Él se cubre los ojos con las manos.
—No quieras saber tantas cosas —me aconseja—. Sólo vas a conseguir ponerte más nerviosa.
Una noche mi amiga estadounidense Maria, su marido Giulio y yo nos enzarzamos en una larga discusión sobre el misterio de mi caja desaparecida. Maria opina que en una sociedad civilizada se debe tener la seguridad de que las oficinas de correos te van a entregar los envíos a tiempo, pero Giulio dice que no está de acuerdo. Según él, una oficina de correos no es un asunto del todo humano, sino que depende del destino, y la entrega de un paquete no es algo que pueda garantizarse del todo. Maria, indignada, dice que ésta es una prueba más del cisma entre los protestantes y los católicos. Pero el mejor argumento, según ella, es el hecho de que los italianos —incluido su marido— sean incapaces de organizarse la vida, ni siquiera con una semana de antelación. Si a una mujer protestante del Medio Oeste americano le pides que sugiera un día para cenar la semana siguiente, esa mujer protestante, creyéndose dueña de su propio destino, dirá: «El jueves me viene muy bien». Pero, si le pides a un católico de Calabria que haga lo mismo, se encogerá de hombros, elevará los ojos hacia los cielos y preguntará: «¿Quién de nosotros puede saber si podrá ir a una cena el jueves por la noche si estamos en manos de Dios y no sabemos cuál es nuestro destino?».
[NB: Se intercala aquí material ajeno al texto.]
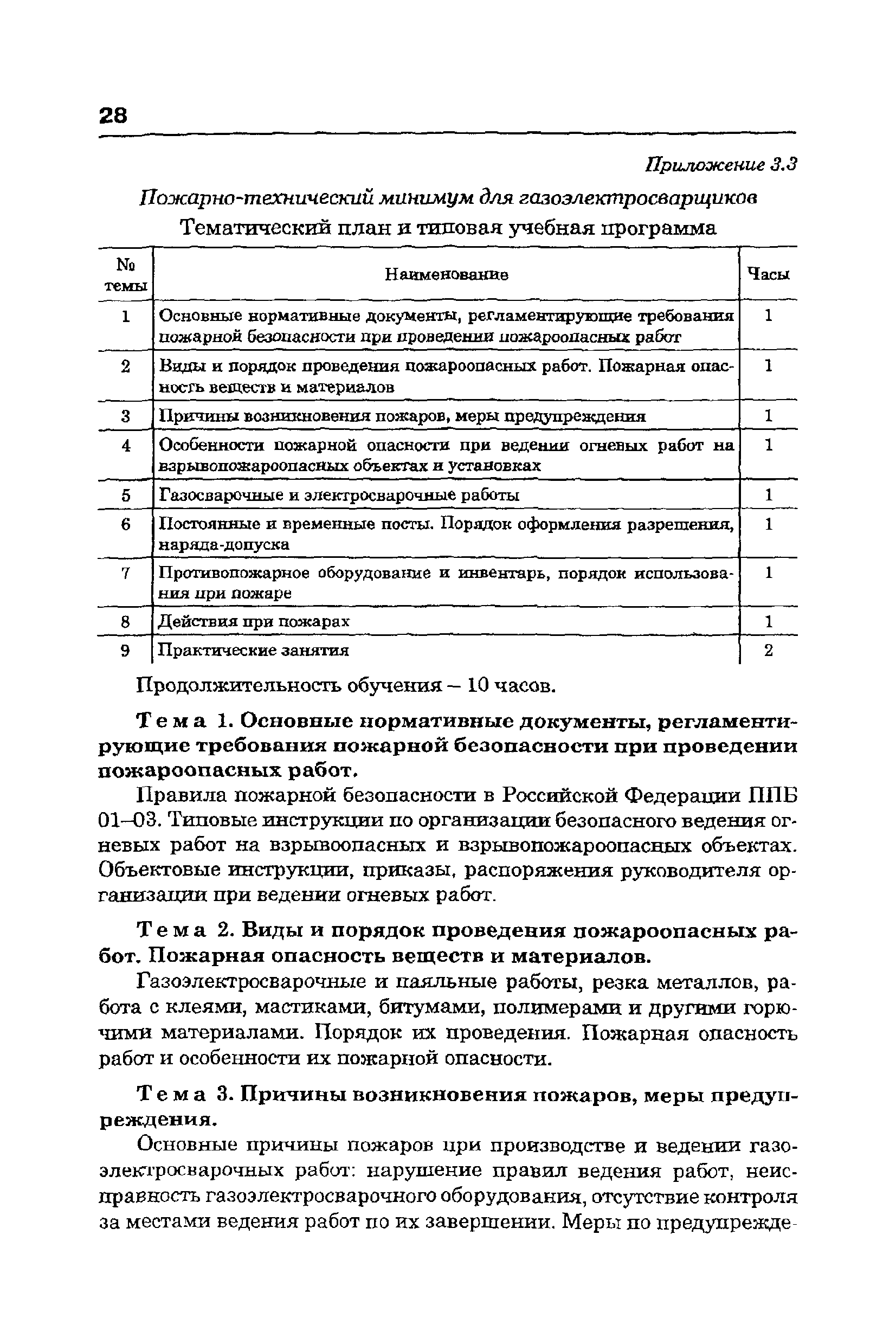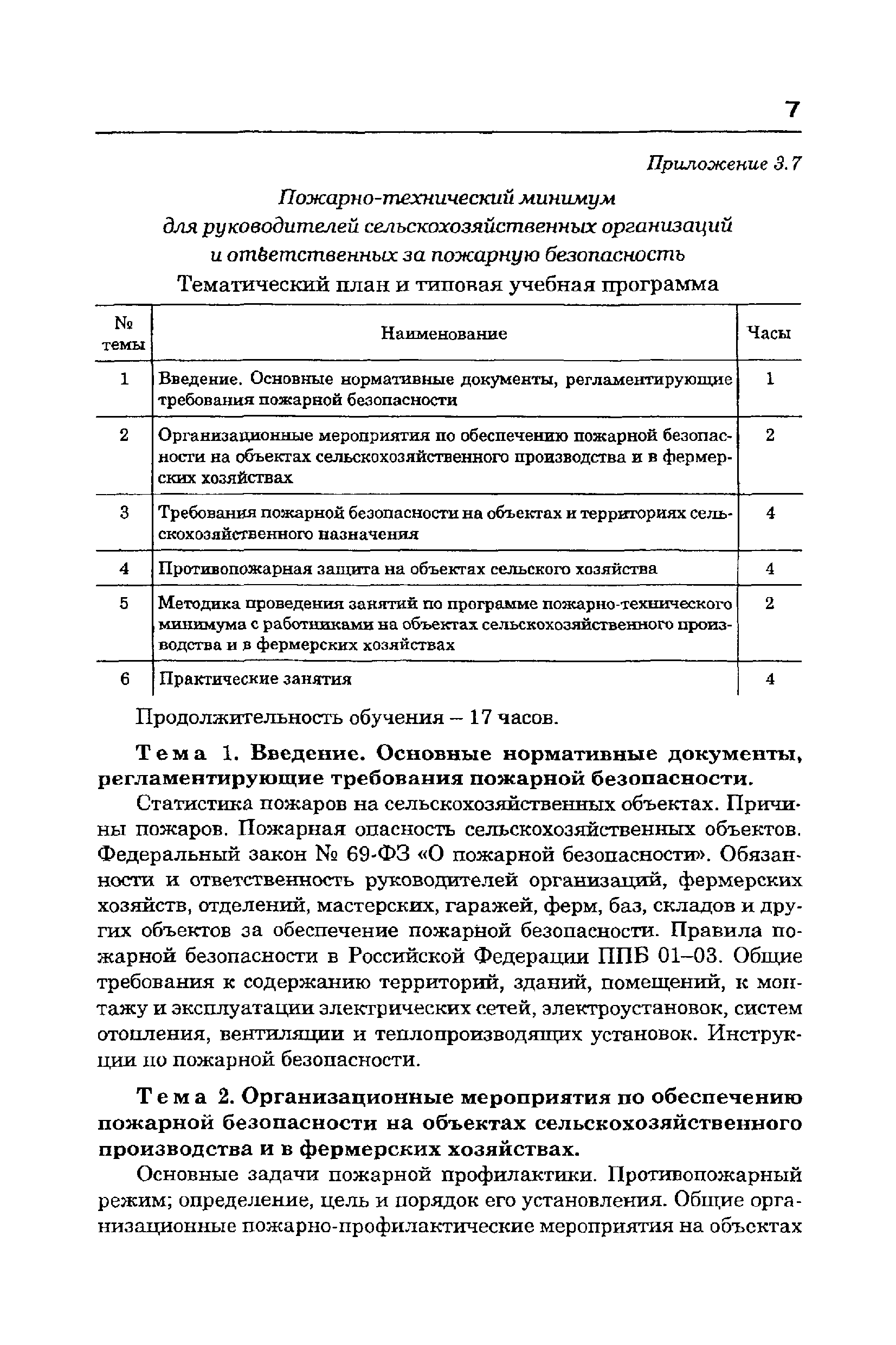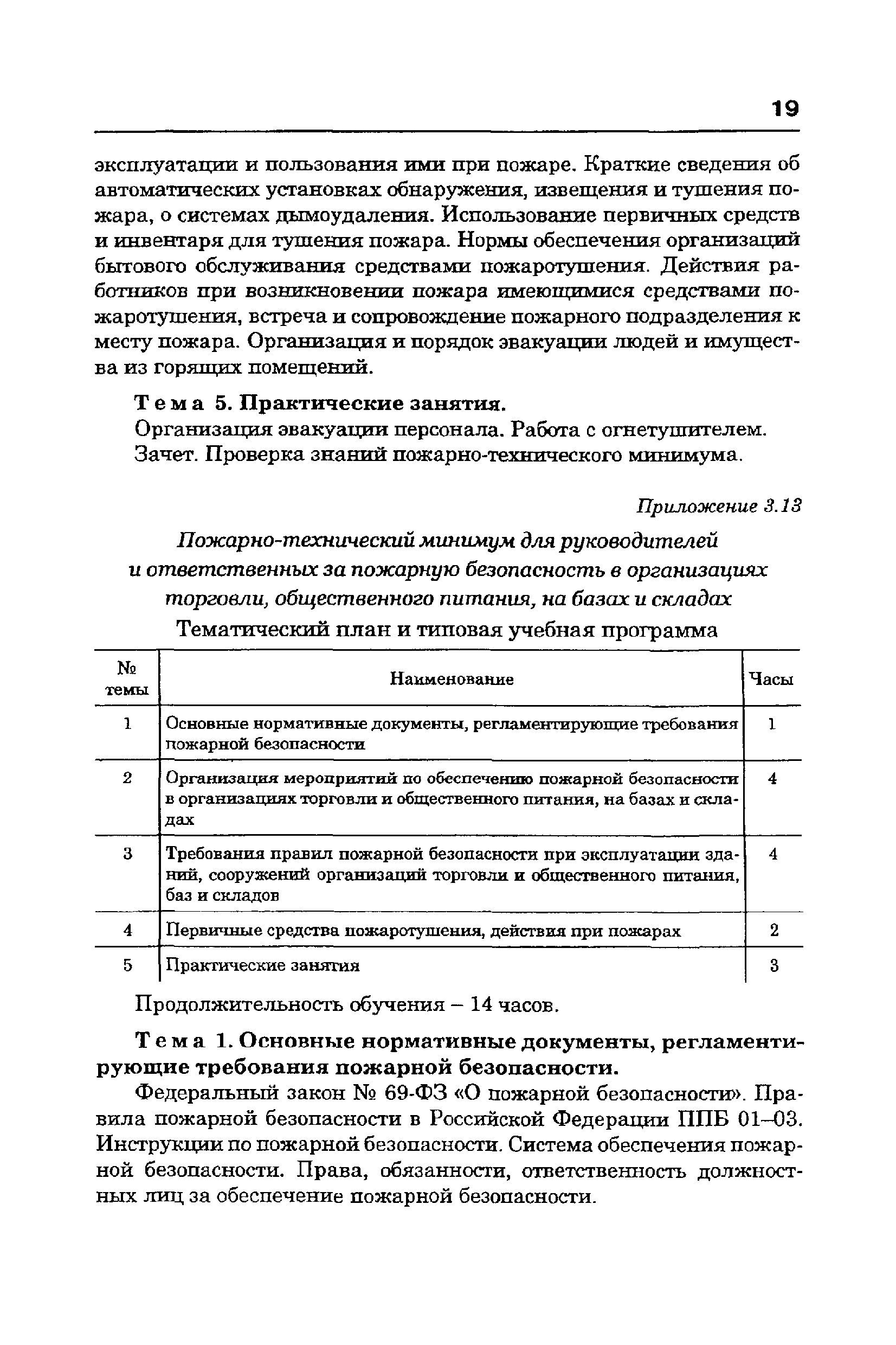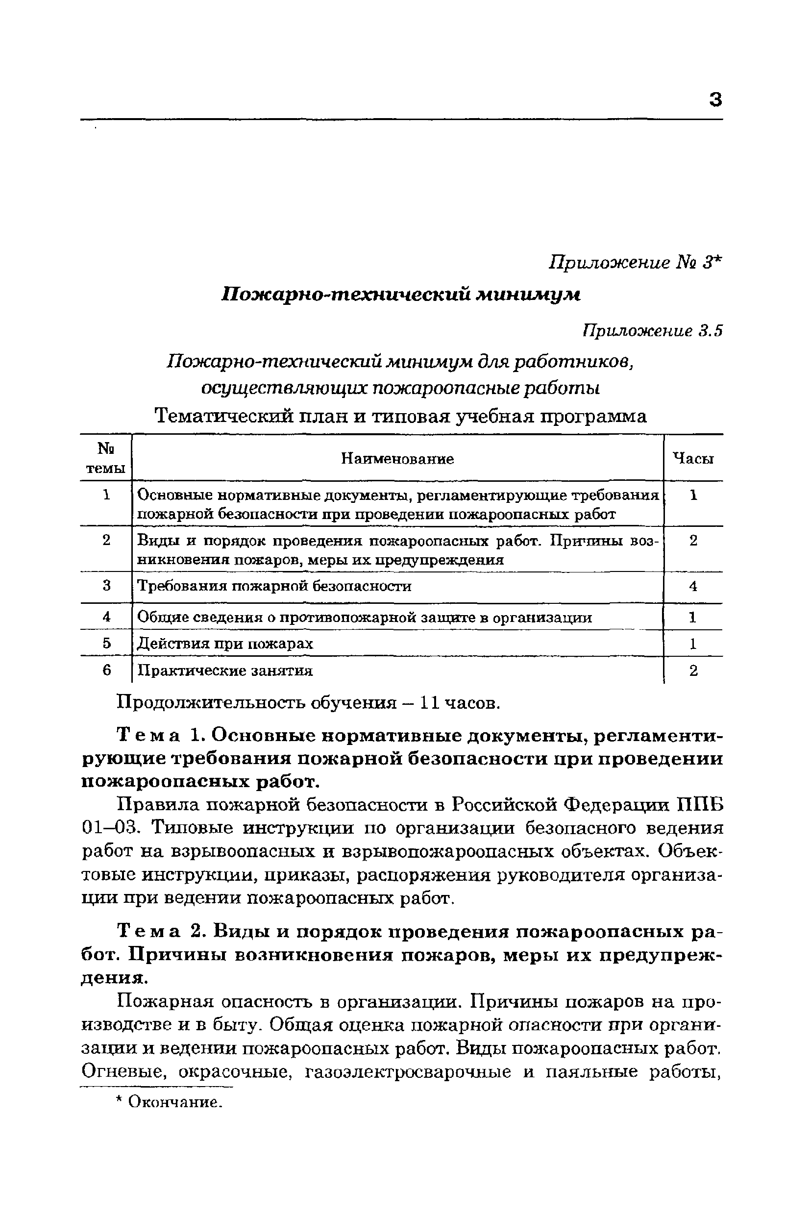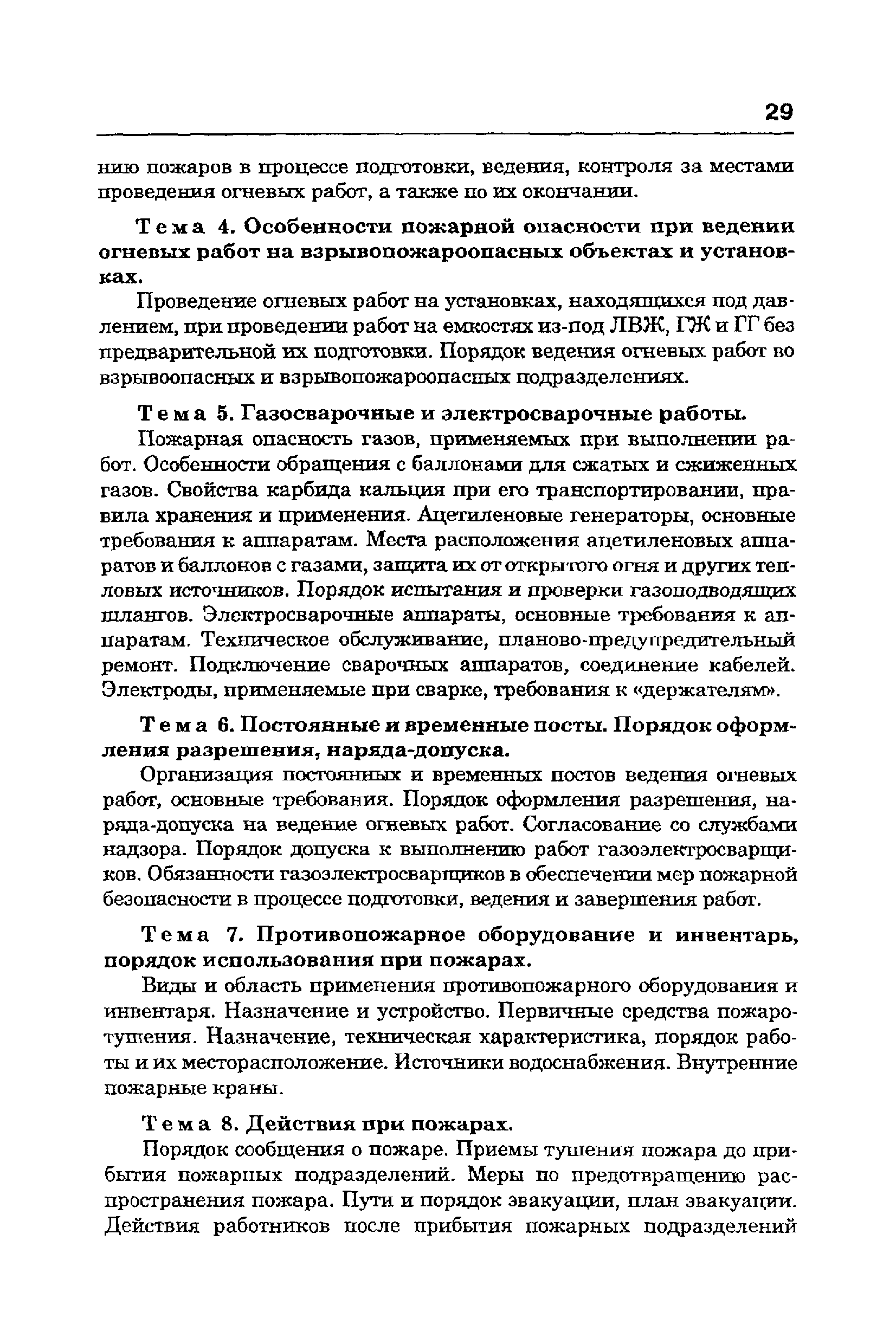 | Оглавление: | Введение 1 Термины и определения. Условные сокращения 2 Цели и задачи обучения руководителей и работников организаций в области пожарной безопасности 3 Виды обучения 3.1. Противопожарный инструктаж 3.2. Пожарно-технический минимум 4 Учебные (специальные) программы обучения в области пожарной безопасности 5 Правила изложения учебных программ и нормативно-техническая литература 6 Методические указания по организации деятельности государственного пожарного надзора в области организации обучения населения мерам пожарной безопасности и противопожарной пропаганды Приложение 1. Журнал учета проведения инструктажей по пожарной безопасности Приложение 2. Примерная программа противопожарного инструктажа Приложение 3. Пожарно-технический минимум |

Aun así, voy a la oficina de correos un par de veces para intentar averiguar qué le ha pasado a mi caja, pero es inútil. La funcionaria de correos romana no está dispuesta a que mi presencia interrumpa la charla telefónica con su novio. Y mi dominio del italiano —que ha ido mejorando, la verdad sea dicha— me falla por lo estresante de las circunstancias. Intento hablar con cierta lógica sobre mi caja desaparecida, pero la mujer me mira como si estuviese haciendo pompas de saliva.
—¿Puede que llegue la semana que viene? —le pregunto en italiano.
Se encoge de hombros y dice:
—Magari.
Otra expresión coloquial intraducible, que está a medio camino entre «Ojalá» y «Más quisieras, capulla».
Bueno, pues no hay mal que por bien no venga. La verdad es que ya ni me acuerdo de qué libros me había mandado a mí misma. Serían cosas que pensé que me convenía estudiar para entender Italia bien del todo. Había llenado la caja hasta arriba de documentación pendiente sobre Roma, pero ahora que estoy aquí tampoco me parece tan importante. Creo que hasta había metido todos los volúmenes de la Historia de la decadencia y caída del Imperio Romano, de Gibbon. Puede que sea más feliz habiéndome quedado sin todo ello, la verdad. Con lo corta que es la vida, ¿realmente quiero pasarme una nonagésima parte de la mía en esta tierra leyendo a Edward Gibbon?